- **What to do**
Exact transcript, pictures excluded: write out every record below.

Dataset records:
= = = = =

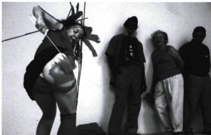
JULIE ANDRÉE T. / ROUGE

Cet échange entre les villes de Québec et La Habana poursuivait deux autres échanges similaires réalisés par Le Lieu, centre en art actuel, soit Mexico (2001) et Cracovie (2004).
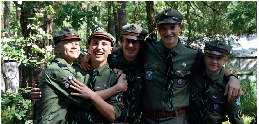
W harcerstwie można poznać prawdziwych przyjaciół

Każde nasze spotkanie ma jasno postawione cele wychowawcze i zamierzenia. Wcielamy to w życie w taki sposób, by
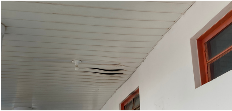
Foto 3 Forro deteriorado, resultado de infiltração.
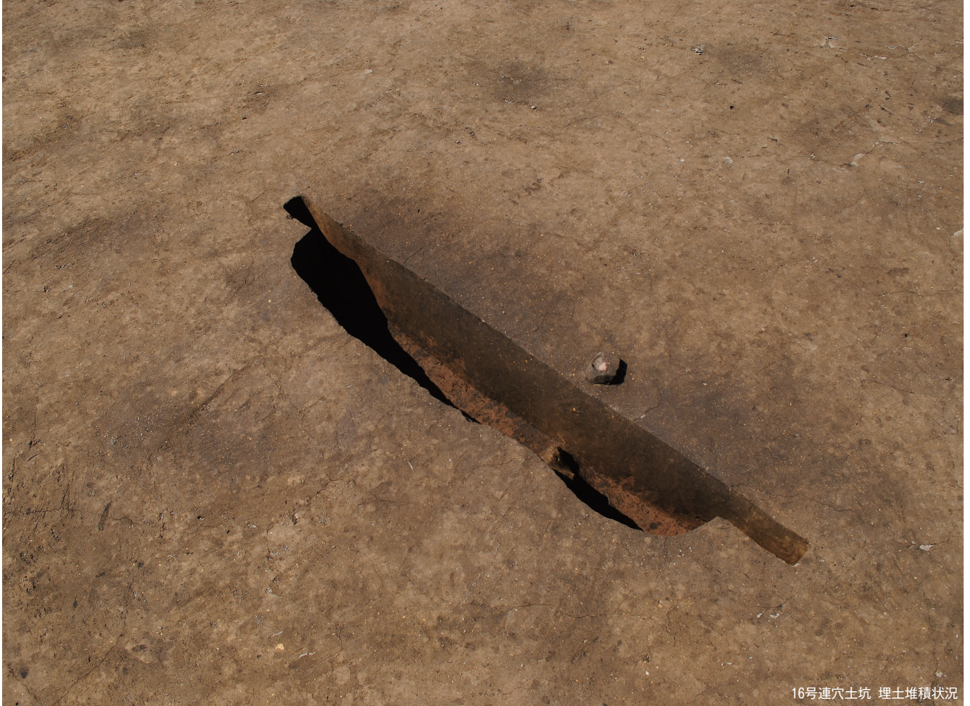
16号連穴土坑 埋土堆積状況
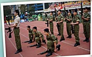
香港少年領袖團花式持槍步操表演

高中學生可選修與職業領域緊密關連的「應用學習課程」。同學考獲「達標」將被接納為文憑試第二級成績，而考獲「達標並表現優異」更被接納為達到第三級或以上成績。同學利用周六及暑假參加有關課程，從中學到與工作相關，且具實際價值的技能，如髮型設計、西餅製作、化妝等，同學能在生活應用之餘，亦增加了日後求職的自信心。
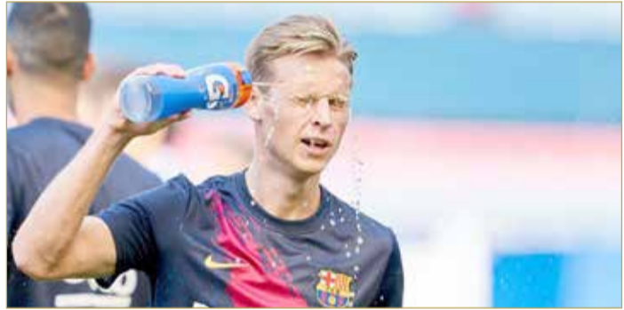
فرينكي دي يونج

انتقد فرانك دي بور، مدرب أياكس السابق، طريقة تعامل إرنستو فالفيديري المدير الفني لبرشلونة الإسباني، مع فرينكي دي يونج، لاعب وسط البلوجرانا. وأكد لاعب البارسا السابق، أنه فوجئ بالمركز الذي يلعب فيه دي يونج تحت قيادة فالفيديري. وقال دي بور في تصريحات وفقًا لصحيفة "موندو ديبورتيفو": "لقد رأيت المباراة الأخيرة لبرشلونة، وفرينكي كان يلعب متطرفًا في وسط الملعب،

= = = = =

- **Exercise answer**
JULIE ANDRÉE T. / ROUGE

Cet échange entre les villes de Québec et La Habana poursuivait deux autres échanges similaires réalisés par Le Lieu, centre en art actuel, soit Mexico (2001) et Cracovie (2004).
W harcerstwie można poznać prawdziwych przyjaciół

Każde nasze spotkanie ma jasno postawione cele wychowawcze i zamierzenia. Wcielamy to w życie w taki sposób, by
Foto 3 Forro deteriorado, resultado de infiltração.
16号連穴土坑 埋土堆積状況
香港少年領袖團花式持槍步操表演

高中學生可選修與職業領域緊密關連的「應用學習課程」。同學考獲「達標」將被接納為文憑試第二級成績，而考獲「達標並表現優異」更被接納為達到第三級或以上成績。同學利用周六及暑假參加有關課程，從中學到與工作相關，且具實際價值的技能，如髮型設計、西餅製作、化妝等，同學能在生活應用之餘，亦增加了日後求職的自信心。
فرينكي دي يونج

انتقد فرانك دي بور، مدرب أياكس السابق، طريقة تعامل إرنستو فالفيديري المدير الفني لبرشلونة الإسباني، مع فرينكي دي يونج، لاعب وسط البلوجرانا. وأكد لاعب البارسا السابق، أنه فوجئ بالمركز الذي يلعب فيه دي يونج تحت قيادة فالفيديري. وقال دي بور في تصريحات وفقًا لصحيفة "موندو ديبورتيفو": "لقد رأيت المباراة الأخيرة لبرشلونة، وفرينكي كان يلعب متطرفًا في وسط الملعب،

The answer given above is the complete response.